Biden’s ASEAN commitment questioned
US President Joe Biden plans to attend the G20 summit in New Delhi next month but he has turned down an invitation to go to the ASEAN summit that precedes it.
Vice-president Kamala Harris will visit Jakarta for the ASEAN summit, which is to be held from September 5-to-7. Biden will arrive in New Delhi on September 7.
The Jakarta Post said in an editorial it could not see any valid reason for Biden to have to send Harris to the Jakarta summit.
“Biden’s absence from the ASEAN summit will only raise questions about the US commitment to the region amid the rising tension between Washington and Beijing and China’s escalating military actions in the South China Sea,” it said.
“Four of the 10 ASEAN nations, Malaysia, Brunei, Vietnam and the Philippines, are embroiled in territorial disputes with China in the resources-rich sea.”
The paper conceded that Indonesia President Joko “Jokowi” Widodo should blame himself for failing to foster a strong relationship between the two countries. “He has paid little attention to the US, despite several visits there, but focuses more on China and other emerging forces as the epicentre of his foreign policy platform,” it said.
The Hindu newspaper reported prominently a White House announcement about the visits to New Delhi and Jakarta.
It played up a line in the statement saying that Biden would commend Prime Minister Narendra Modi for his leadership of the G20.
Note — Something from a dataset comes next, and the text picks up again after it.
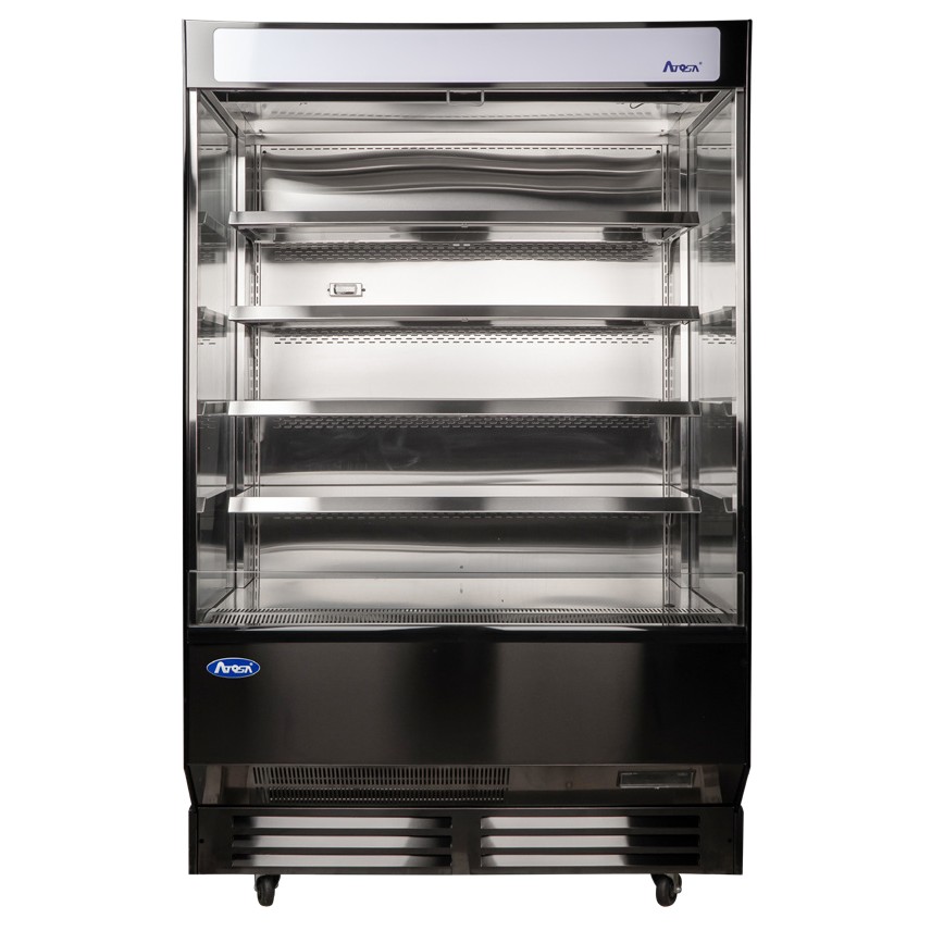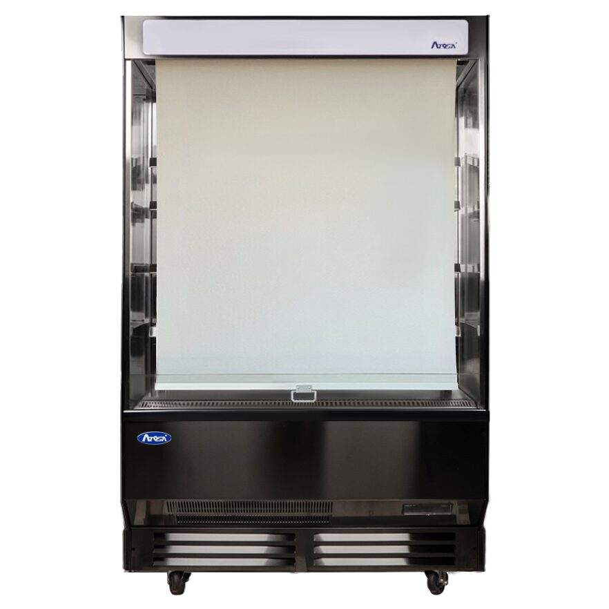 Open Air Merchandiser, 51-2/5″W x 28″D x 83″H, 16.5 cubic capacity, (4) shelves, full electronic controller, LED lighted header panel, LED lighting per shelf and interior top, pull down night curtain, stainless steel interior, black exterior, 4″ casters, R-290 natural refrigerant, 1HP, 120v/60/1-ph, 18.5 amps, cord with NEMA 5-20P, 1600 watts, cETLus, ETL-Sanitation

New Thailand PM transfers shares to his daughter
Srettha Thavisin, Thailand’s new prime minister, is a very rich property developer who is also a confidant of Thaksin Shinawatra and his sister Yingluck, former prime ministers who were ousted by army coups.
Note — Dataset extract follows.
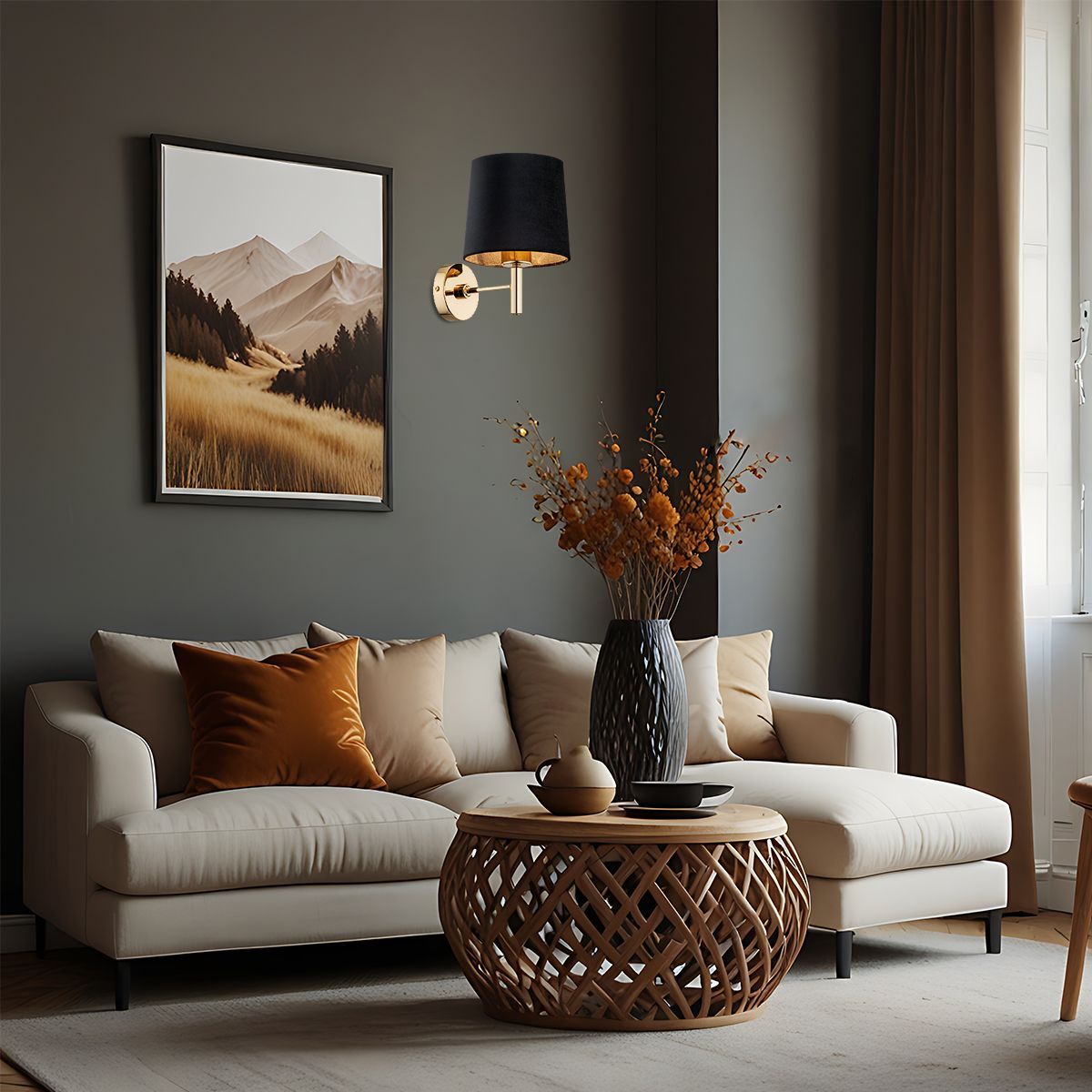 Eine effektvolle, bezaubernde, wunderschöne Wandleuchte. Ponte Plus ist eine Kombination aus einem phänomenalen Stoffschirm und einem stilvollen goldfarbenen Gestell. Wenn Sie die Eleganz Ihres Interieurs unterstreichen möchten, sollten Sie sich für diese schöne Wandleuchte entscheiden, die eine äußerst geschmackvolle Dekoration darstellt. Eine Wandleuchte mit Klasse, die für einen angenehmen Lichtschein sorgt.

He was a public critic of the 2013-14 protests that led to the coup against Yingluck’s government. According to a profile in Bangkok Post, after the coup he was ordered to report in person for “attitude adjustment”.
Srettha was educated in Thailand and the US. His wife, Pakpilai, is a medical specialist. They have three children.
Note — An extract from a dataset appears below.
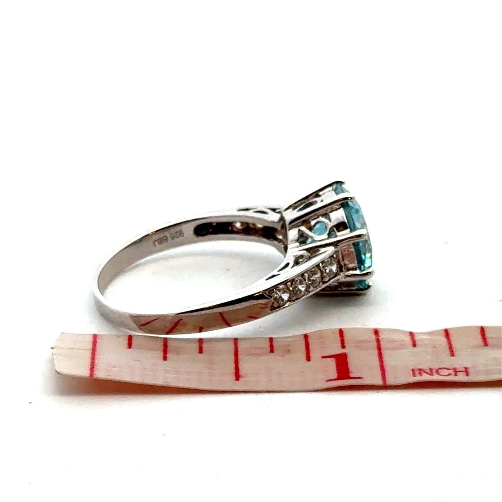 Designer 925 Sterling Silver Round Blue Cubic Zirconia w/ Accents Cocktail Ring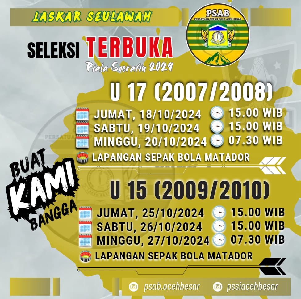 “Seleksi ini akan dilaksanakan mulai Jumat besok, hingga Minggu (18-20 Oktober 2024) di Lapangan Sepak Bola Matador, Aceh Besar. Para pemain muda yang memenuhi syarat berdasarkan tahun kelahiran, yaitu U-17 untuk pemain kelahiran 2007-2008 dan U-15 untuk kelahiran 2009-2010, dapat mengikuti seleksi ini,” ujar Mariadi ST MM, Plt Ketua PSAB Aceh Besar, di Kota Jantho, Kamis (17/10/2024) sore.

His company, Sansiri, is one of Thailand’s biggest property developers, with revenue last year of Baht 34.9 billion (more than $A1.5 billion) and net profit of 4.2 Baht 4.2 billion ($A186 million).
Srettha resigned as CEO earlier this year and transferred his Sansiri shares, worth Baht 1.2 billion ($A53 million), to his daughter.
An article on the Thai Enquirer website said that just before the May 14 election, Srettha posted on social media that his goal was a better livelihood for all Thai people. “My enemy is people’s poverty and inequality,” he said.
Srettha was elected easily as Thailand’s 30th prime minister on Tuesday, 100 days after the election in which his party Pheu Thai came second to the progressive Move Forward Party.
Move Forward’s leader, Pita Limjaroenrat, was defeated in a ballot for prime minister by the votes of senators appointed by the military coup-makers.
Pheu Thai went back on its word not to deal with military backed parties and included them in its coalition, ensuring enough senators voted for Srettha for him to win. Most of the votes against him came from Move Forward MPs.
Assured that Srettha would win, Thaksin Shinawatra returned to Thailand on Tuesday after 17 years in exile. He was taken to court to be sentenced on corruption convictions and then sent to a prison hospital.
He was later transferred by helicopter to the Police General Hospital in central Bangkok, reportedly suffering from chest pains, high blood pressure and low blood oxygen. The Thai PBS World website reported six doctors had been assigned to treat him.
Bangkok Post said conservative activist Srisuwan Janya asked the National Anti-Corruption Commission to investigate whether Thaksin had received special favours.